As far as defining moments go, this has been an odd one. Often, these life-changing events are quite sudden, clearly delineating a before and after – the accident that takes a life, the DDay where you learn of an affair, the diagnosis that steals your health. With those, it’s clear that there is no returning back to way things were. They require a recalibration of normal.

But this one snuck up on us, allowing for plenty of denial along the way. If we can believe that this is overblown, we can get back to normal. Or, if we cherrypick our data, we can convince ourselves that normal is just around the corner. We place our faith in an election, a vaccine or a treatment. But those are not quick fixes, flipping the switch back to normal.

Because right now and for the foreseeable future, normal isn’t on the menu.

It’s time to explore what IS on the menu.

We all tend to veer towards what we know. It’s comfortable and we like to be comfortable. Part of what makes this so hard is that we feel like we have no control. We want to choose different, not have it forced down our gullet.

Yet we’re here. Hungry to live again. And until we accept that normal isn’t available, we won’t be able to partake of what still is on the table.

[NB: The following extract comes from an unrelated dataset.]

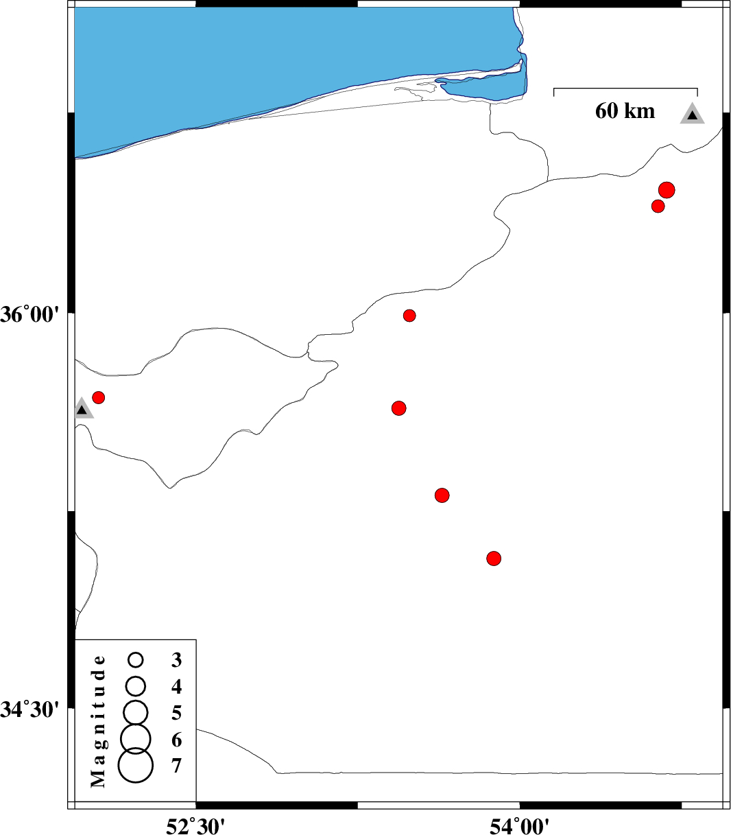 | 2009/12/19 | 04:10:23.8 | 07:40:23.8 | 36.46 | 54.68 | 18 | ML:3.4 | Semnan Province, 26 km West of Shahrud | ||

And just maybe, we’ll find that some of the new options are preferable to the old and that we choose to leave some of normal behind.

Living With Uncertainty

Like many (most? all?) of you, I’m struggling right now.

As a teacher, I’m used to a certain rhythm of the school year. And by now, I should be excited for summer, exhausted by the demands of the end of the school year and putting energy into finalizing plans for the next school year.

Instead, I’m sad about not being able to say goodbye in person, more blah than exhausted and the next school year is simply one big question mark.

I find myself increasingly distressed by the unknown of what’s coming. I keep reflecting back on the comfort (unappreciated at the time) of past years, when plans were in place and I could find peace in the surety of what was around the next corner.

But then I catch myself. Because those plans of past years were only certainties because I’m viewing them from the perspective of the future, where the scheduled events were carried out with only relatively small adjustments.

The truth is that uncertainty is always present, we simply hide it away beneath a veneer of imagined control, applied so that we don’t have to face the discomfort of admitting that we don’t have the ultimate say in what happens.

This year is no more or less uncertain than any other time. The outcomes are always in limbo and only seem inevitable once they occur.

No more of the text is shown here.